В антракте отдыхали прямо на сцене. За занавесом шумел возбужденный народ в зале. Прибежал Петухов, целовал и поздравлял, поскольку аплодисменты были нешуточные. «Все о'кей, все как по маслу. А импровизация – это мама театрального чуда, – бормотал Петухов. – Сейчас главное – не остыть. И поосторожней с драками. А то смотреть страшно!» Фелиции ничего не сказал, будто ее выходки совершенно не удивили. Она стояла в стороне ото всех, отвернувшись, и актеры боялись подойти, даже никто чая и хлеба с колбасой не предложил. Съели, и ей не оставили.
– Почему сабли заточены? Что за шутки? Козлы, – бушевал молоденький Лаэрт, ему Гамлет во время стычки рассек до мяса ладонь холодным оружием.
Хотя и сам Лаэрт поставил Гамлету настоящий фиолетовый синяк под глазом.
Офелия, хромая и хныкая, бродила за Петуховым, просила ее кем-нибудь заменить.
– Светка, сдурела ты! – крикнул сердито Петухов. – Мы на пороге триумфа!
– Фея меня прибьет, ей-богу, – бормотала его любовница. – А меня и должны во втором действии убить, вот она воспользуется... Родненький, спаси, отпусти меня. Феечка, прости за все, я тебя умоляю. Егорушка, защити...
Но никто из них не отвечал ей. Призрак, Гамлет и другие тяжело дышали, дожевывая бутерброды, пили стаканами ледяную воду, сжимали в руках оружие, приготовляясь к продолжению разборок. Никто не хотел отступать.
Второй акт начался с очередной диверсии королевы. Она собрала в руку все веревки, удерживающие кошек, и перерезала их. Животные с воем бросились на Призрака, как будто именно он был виновен в их неудачных судьбах. Призрак заметался по сцене – кошки прыгали ему в лицо, повисали на одежде, раздирая ее в клочки. Заметались и собаки, гулко лая, пытаясь укусить как преследуемого, так и своих врагов. Ему удалось выхватить тесак из-за пояса Лаэрта, теперь он мог отбиваться. Когда одна из кошек, напоровшись в прыжке на лезвие, отлетела в зал, там люди поняли, что схватка не отрепетирована, а идет всерьез. Заголосили в партере сердобольные дамочки, иные вслух выражали ликование, но в целом на лицах появилась некая озадаченность, которой уже не суждено было исчезнуть до конца вечера.

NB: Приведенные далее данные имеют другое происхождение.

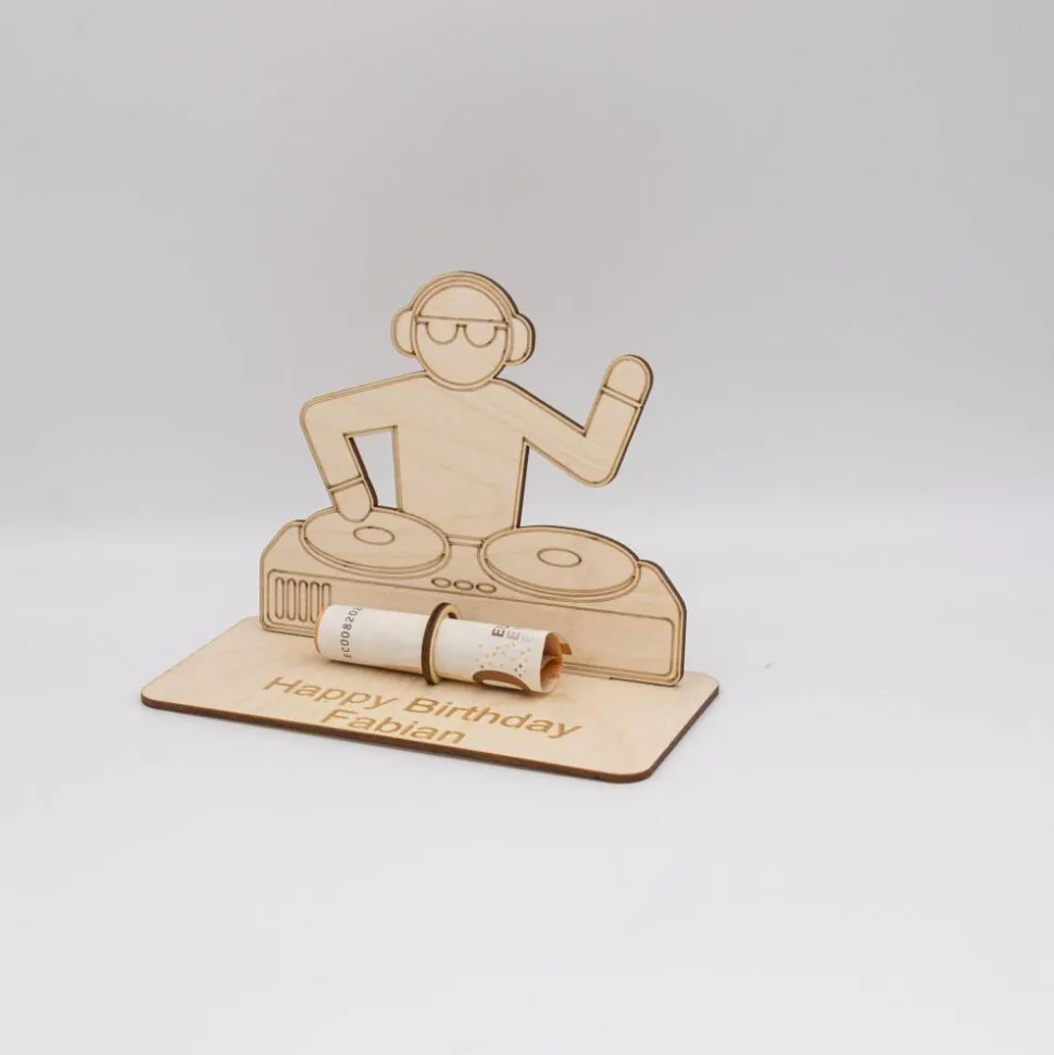 Geldgeschenk DJ – aus Holz personalisiert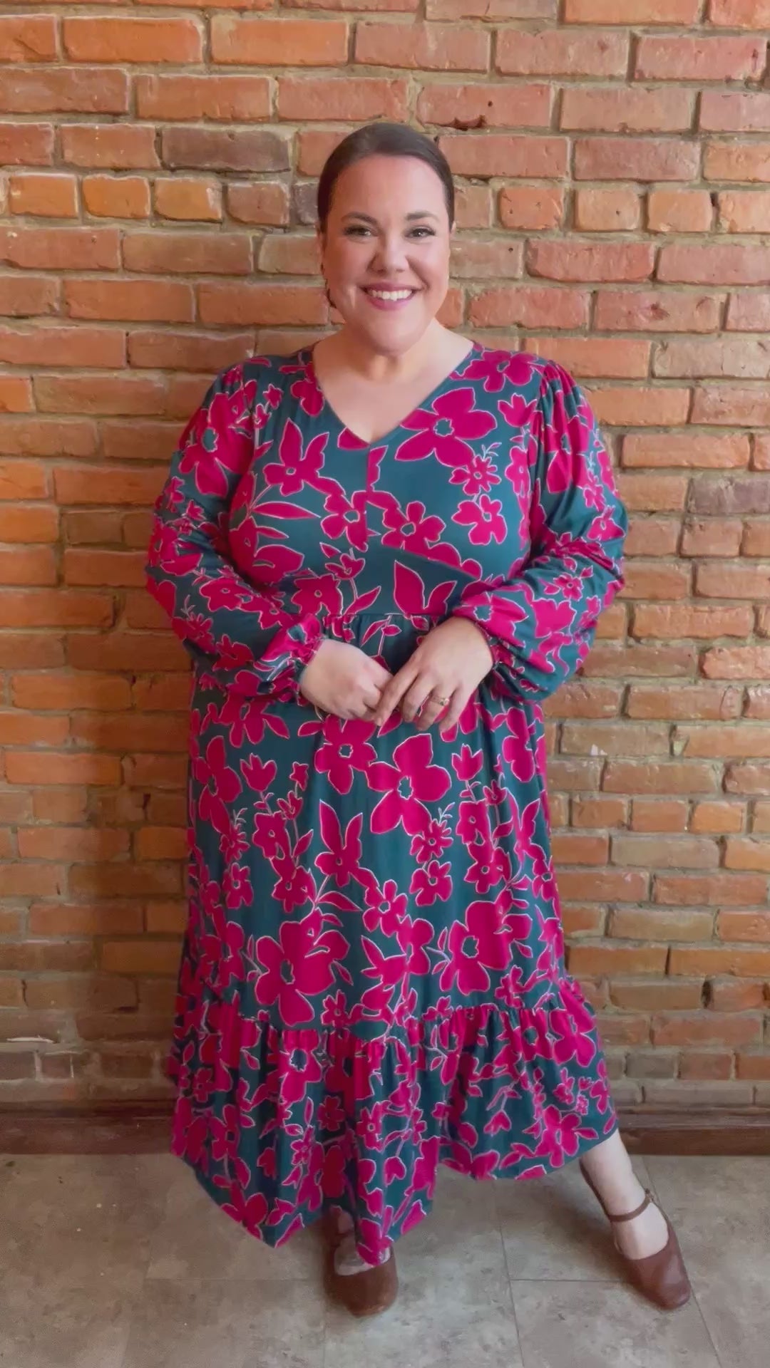 Haptics Teal & Magenta Vintage Floral Midi Ruffle Hem Dress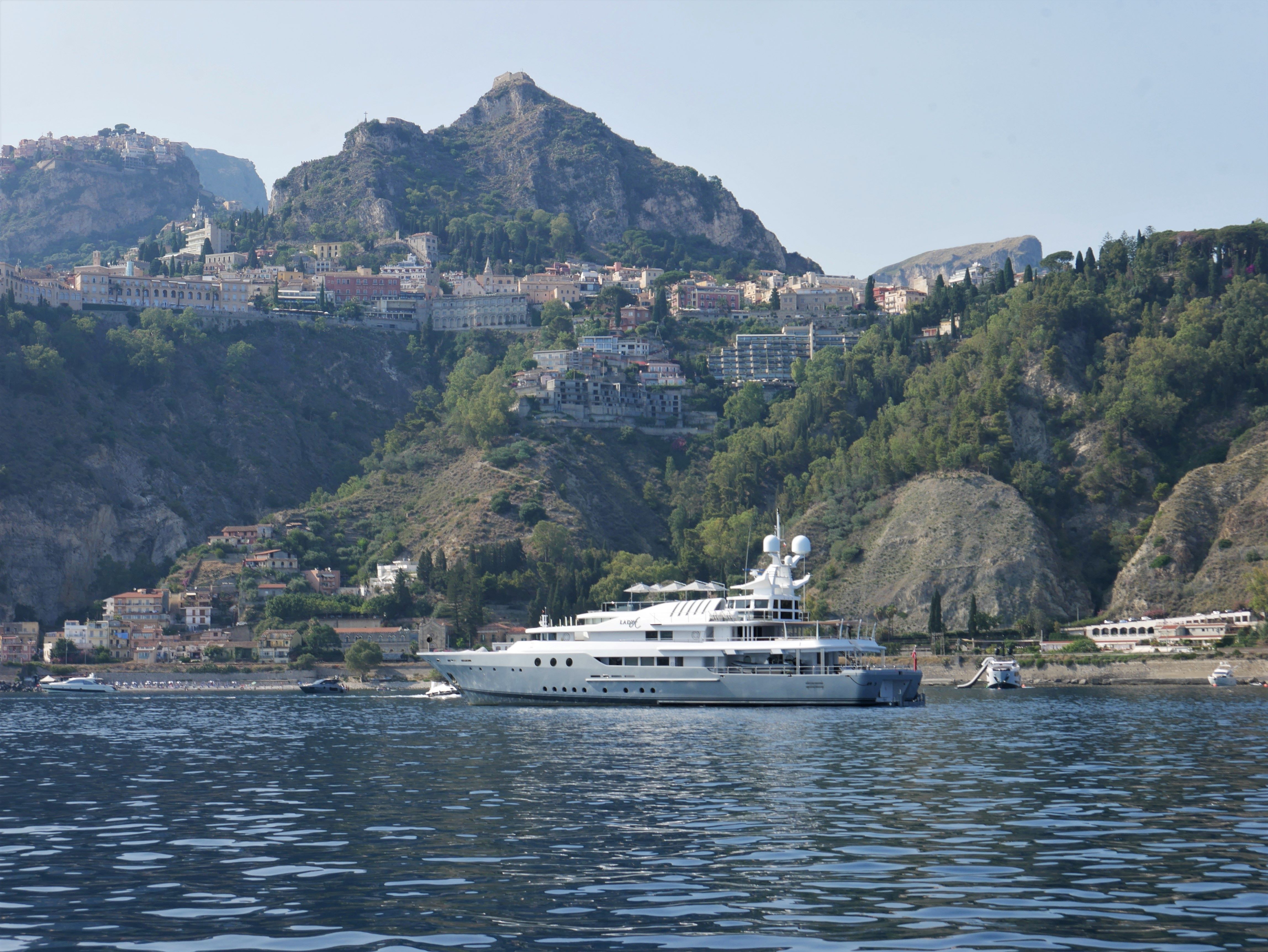 Aborder la baie de Taormina a quelque chose d’étourdissant car la baie est immense et qu’il est difficile, même avec l’aide précieuse de Navily (app collaborative recensant les mouillages de méditerranée avec moultes informations et commentaires de plaisanciers), de savoir où s’ancrer qui soit à la fois autorisé (min. 300m de la plage) et pratique pour débarquer à terre, mais aussi parce qu’on la partage avec un nombre ahurissant de super – voire méga – yachts, à nous faire spéculer qu’il doit se tramer un G8 des malfrats dans le coin.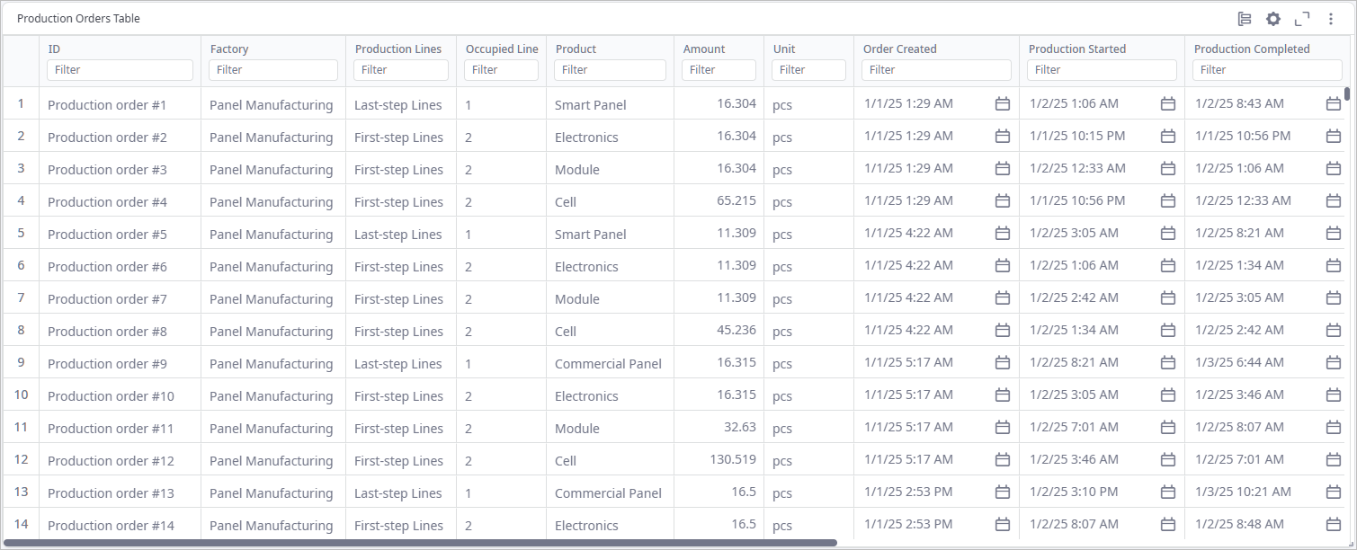 After running the simulation experiment, data on all production orders will be available in the Production Orders Table. Here you can find data on production time, setup times, the number of lines involved in production, etc., of each order.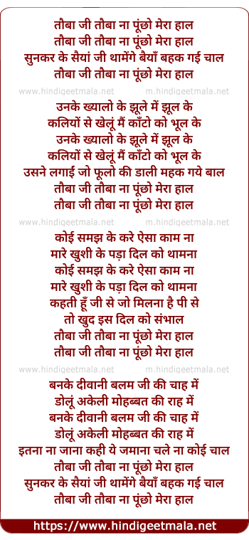 Lyrics of Tauba Ji Tauba Na Poochho Mera Haal - तौबा जी तौबा ना पूंछो मेरा हाल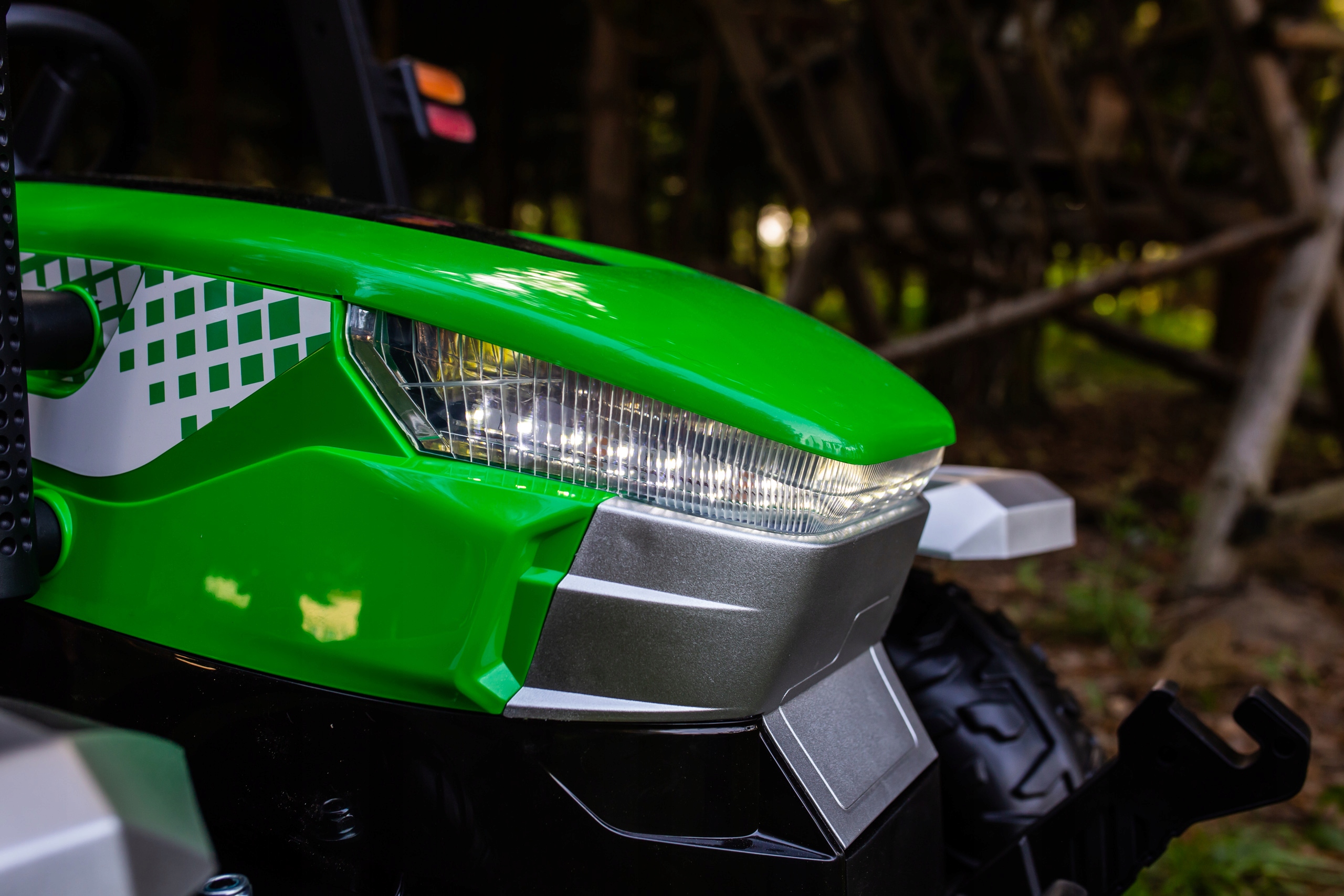 - трактор має переднє та заднє освітлення, яке можна вимкнути вимикачем

Критики рядом с Петуховым одобрительно кивали, говоря о «крутом реализме». «Это уже не Пискатор, друг мой, это почти Эйзенштейн!» – хлопал режиссера по плечу самый возбужденный из них. А Петухов косился направо, где вскочила с места одна из подружек Фелиции и вопила, стоя у перил: Жрите, рвите его! Так его, падлу!
Гамлет, почесав в затылке, направился к королеве, чтобы пристыдить ее. По пути приходилось огибать дерущегося Призрака (и вообще никто не пришел ему на помощь – его остальные персонажи не любили!), пинать рвущихся с поводков собак. Наконец он встал перед ней.
Стой, королева! Тише! Я хочу
Сломать вам сердце, я его сломаю,
Когда оно доступно проницанью,
Когда оно проклятою привычкой
Насквозь не закалилось против чувств...
– Кончай трендеть! – посоветовала ему королева и издевательски задрала подол пеньюара, обнажив голое тело.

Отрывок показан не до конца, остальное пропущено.